Everybody froze. Sam kept the gun on Myron. Myron kept his gun against Chance’s groin. Arthur still seemed lost in thought. Chance started shaking.

“Don’t pee on my gun, Chance.” Tough guy talk. But Myron did not like this. He knew Sam’s type. And he knew Sam might very well take the risk and shoot.

“There’s no need for the gun,” Arthur said. “No one is going to harm you.”

“I feel better already.”

“To put it simply, you are worth more to me alive than dead. Otherwise Sam would have blown your head off by now. Do you understand?”

Myron said nothing.

“Our deal remains unchanged: You find Anita, Myron, I’ll keep Brenda out of jail. And both of us will leave my wife out of this. Do I make myself clear?”

Sam kept the gun at eye level and smiled a little.

Myron gestured with his head. “How about a show of good faith?”

Arthur nodded. “Sam.”

Sam put away the gun. He walked back to his seat and picked up his People.

Myron pressed the gun a little harder. Chance yelped. Then Myron pocketed his weapon.

The bus dropped him off back by his car. Sam gave Myron a little salute as he stepped off.

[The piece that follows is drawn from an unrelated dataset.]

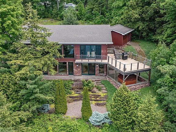 Escape to your own lakeside paradise! This home is a hidden gem, nestled on over an acre of lush land adjacent to an expansive 80-acre woodland park, offering unrivaled seclusion and serenity. Crafted in 2009 with meticulous attention to detail and using only the finest materials, this residence boasts a versatile layout. Embrace the beauty of nature through the floor-to-ceiling windows that frame breathtaking views of the tranquil lake, majestic Shelburne Point, and awe-inspiring Adirondack Mountains. Designed as a private sanctuary, the house is strategically positioned for maximum focus on the picturesque lakefront. With a 57' x 22' Great Room, there is total flexibility on the layout and rearranging spaces. A separate two-car garage adds to the property's allure, offering additional storage and potential for conversion into additional living space or an accessory dwelling unit. Blurring the lines between indoors and outdoors, this retreat seamlessly integrates with its surroundings, providing access to the exterior from most rooms, a generous deck, and covered patio complete with hot tub. The low-maintenance yard features ground cover, rock ledges, and natural outcroppings, perfectly complementing the home's minimalist aesthetic. Experience the epitome of luxury, privacy, and natural beauty in this extraordinary lakeside haven - a sanctuary just minutes from downtown Burlington.

Myron nodded in return. The bus continued down the street and disappeared around the corner. Myron realized that he had been holding his breath. He tried to relax and think straight.

“Fitting a catheter,” he said out loud. “Awful.”

Dad’s office was still a warehouse in Newark. Years ago they had actually made undergarments here. Not anymore. Now they shipped in finished products from Indonesia or Malaysia or someplace else that employed child labor. Everybody knew that abuses occurred and everybody still used them and every customer still bought the goods because it saved a couple of bucks, and to be fair, the whole issue was morally hazy. Easy to be against children working in factories; easy to be against paying a twelve-year-old twelve cents an hour or whatever; easy to condemn the parents and be against such exploitation. Harder when the choice is twelve cents or starvation, exploitation or death.